# Where to buy Canon gear?



## garyploski (Mar 26, 2012)

Possible noob question...

Where is the best place to order Canon gear?

I ask because I've been told that the equipment sold to Costco, for example, is different than to B&H or Amazon. When the time comes for me, or anyone, to purchase a DSLR, lens, bag, or accessories, what would you recommend?

Note: I am in the NYC area.


----------



## dturano (Mar 26, 2012)

If you live in the NYC area, B&H or adorama are great places to get Canon gear. If your out on the island check out Cameta Camera or Berger-Bros. I find Cameta to have the best prices, i even check there ebay auctions becasue they list prices lower even than there retail site and store, they have no issue price matching and I can drive and pick up from there warehouse.

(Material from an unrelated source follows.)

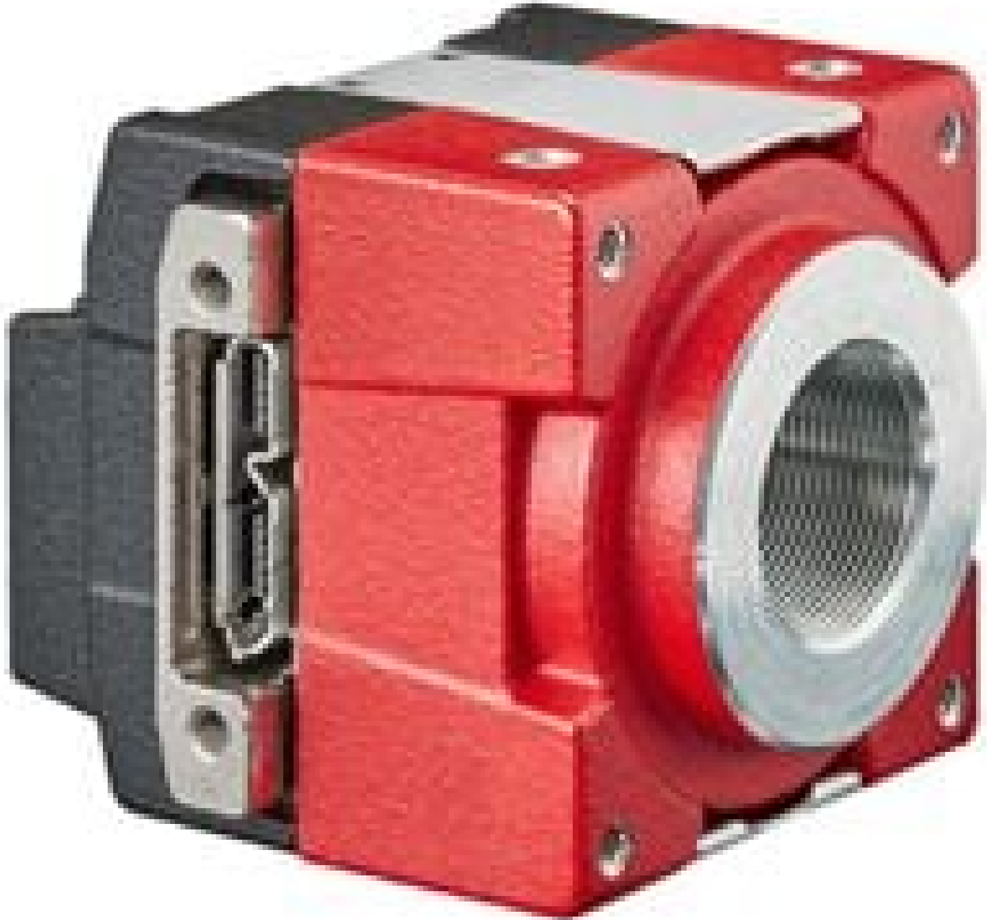
Allied Vision Alvium Camera, Full Housing, S-Mount, Right Angle IO Port (Front)

I usually order from Abesofmaine to save on tax but service and shipping times can be spotty.


----------



## garyploski (Mar 26, 2012)

Great tips, dturano.

The drive might eat into any savings with gas prices being what they are. Abes completely slipped my mind, thanks for the reminder.


----------



## JR (Mar 26, 2012)

I like B&H personally and I live in Canada. If I was in New York and could go to their store in person, I would do that for sure. Am sure Adorama is good too.

After purchasing more then 4 "L" lens from B&H, their customer service sold me as a long term customer. I prefer it to my local dealer now.


----------



## linuxtuxguy (Mar 26, 2012)

While it may be true for some products that what you buy at the warehouse club is different than what you get purchased elsewhere, that is NOT the case for Canon camera gear.

What you get at the warehouse club is exactly the same as what you get at any other reputable merchant.


----------



## Quasimodo (Mar 26, 2012)

To me this sounds like a luxury problem  I live in Norway, and the prices in the U.S. are extremely low compared to here. Right now I have a friend of me popping by B&H to buy me a 2x teleconverter mk III (which saves me 314 $ from the norwegian price). 

If I can add a question to your original one... I might be attending a week course at Harvard this summer, and I don't think the schedule allows me a trip to NY, so I wondered if there are any good places you know in Boston or in the MA area where I can get B&H prices and quality?


----------



## Mt Spokane Photography (Mar 26, 2012)

The main difference with Costco cameras is that often the manufacturers include extras, such as two lenses, or add memory cards or cases, even printers in some cases. 

This makes it a product with a different sku / bar code from that sold in camera stores, so prices cannot be easily compared. Its the manufacturers solution to allow discounting by adding extra goodies.

However, the Canon or Nikon body or lens is no different.


----------



## garyploski (Mar 27, 2012)

> ...discounting by adding extra goodies.



As Quasimodo said, it's not a bad problem to have if all the equipment is the same in quality. I wish I had something to suggest regarding Boston. Hopefully someone else can offer up a suggestion or two. 

If my understanding is correct from the experiences noted with the brick and mortar vs warehouse vs online... If I'm looking for service and to build a relationship there are a few to stick with in the NYC area and equipment standards are the same regardless where it is purchased.

Curiously, or interestingly, I'm not sure which, nobody seems to have made mention or online options.


----------